**TASK STATEMENT**.
A verbatim copy of the data is wanted, minus any picture in it.

**PROVIDED MATERIAL**.
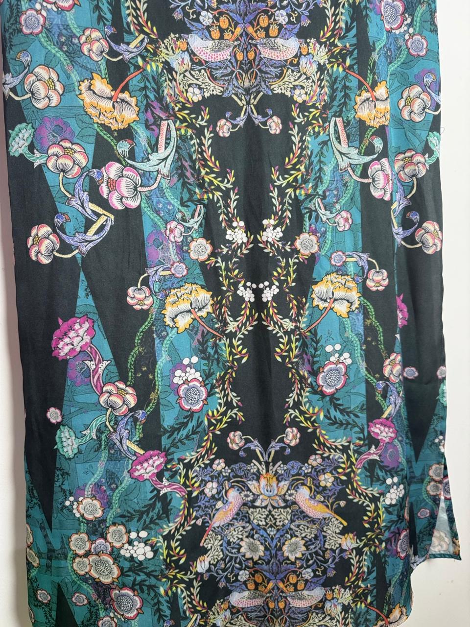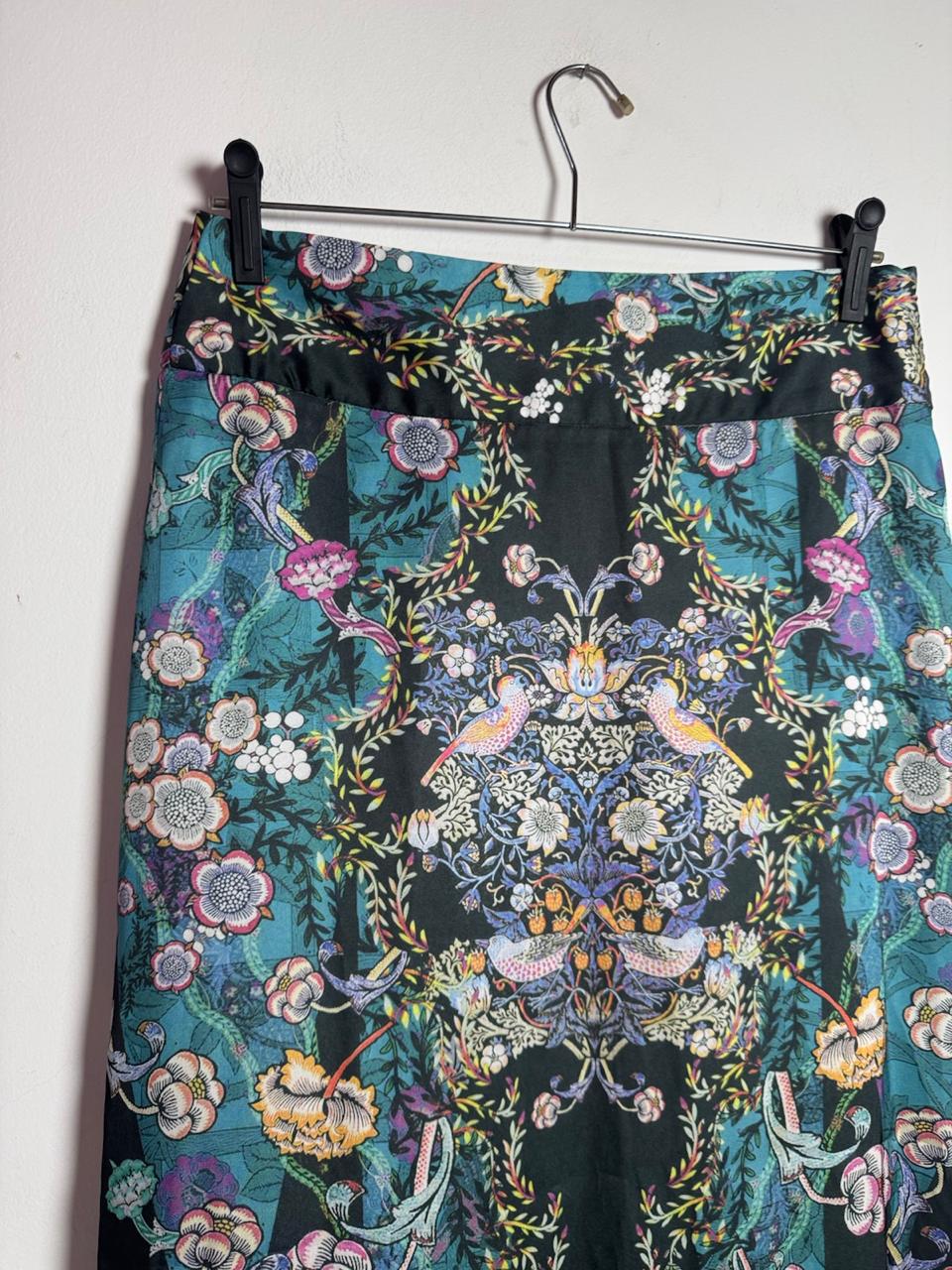 Saia de comprimento longo com fundo preto, fendas laterais e padronagem colorida de flores e pássaros. Peça com caimento reto, perfeita para criar looks sofisticados em eventos noturnos.
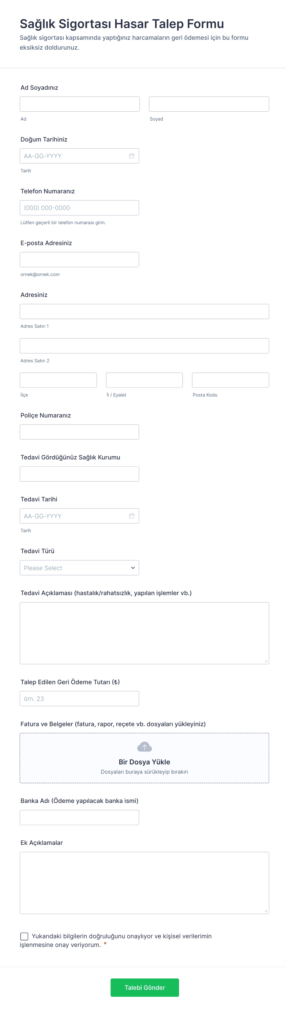Yaygın alanlar arasında poliçe sahibi bilgileri, olay açıklaması, olayın tarihi ve yeri, talep türü ve destekleyici belgeler bulunur.
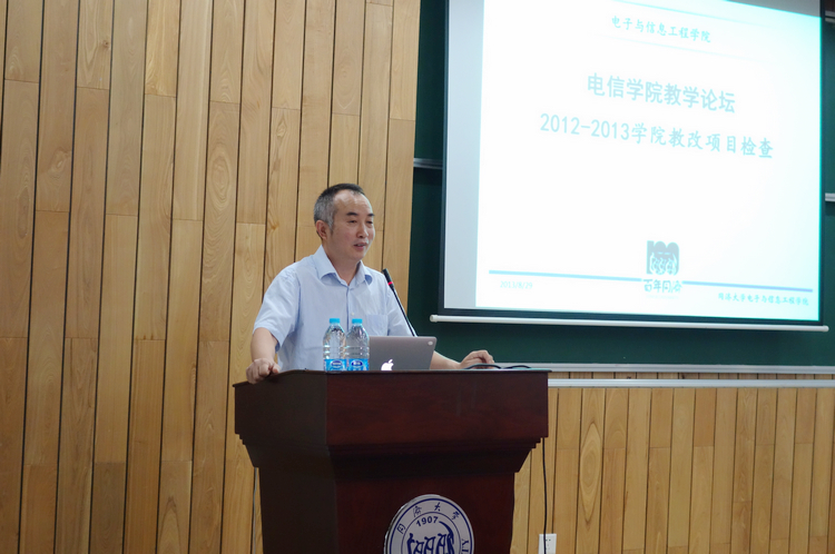 2012-2013年度教改项目验收会暨学院第五次教学论坛于8月29日和30日两天在嘉定校区电信楼117报告厅举行。院长陈启军出席并发表了讲话,副院长乔非主持了本次会议。学院教务委员会成员、各专业核心课程负责人、院教改项目负责人以及教务科全体成员参加了本次会议。

**RESULT OF THIS TASK**.
 Saia de comprimento longo com fundo preto, fendas laterais e padronagem colorida de flores e pássaros. Peça com caimento reto, perfeita para criar looks sofisticados em eventos noturnos.
Yaygın alanlar arasında poliçe sahibi bilgileri, olay açıklaması, olayın tarihi ve yeri, talep türü ve destekleyici belgeler bulunur.
 2012-2013年度教改项目验收会暨学院第五次教学论坛于8月29日和30日两天在嘉定校区电信楼117报告厅举行。院长陈启军出席并发表了讲话,副院长乔非主持了本次会议。学院教务委员会成员、各专业核心课程负责人、院教改项目负责人以及教务科全体成员参加了本次会议。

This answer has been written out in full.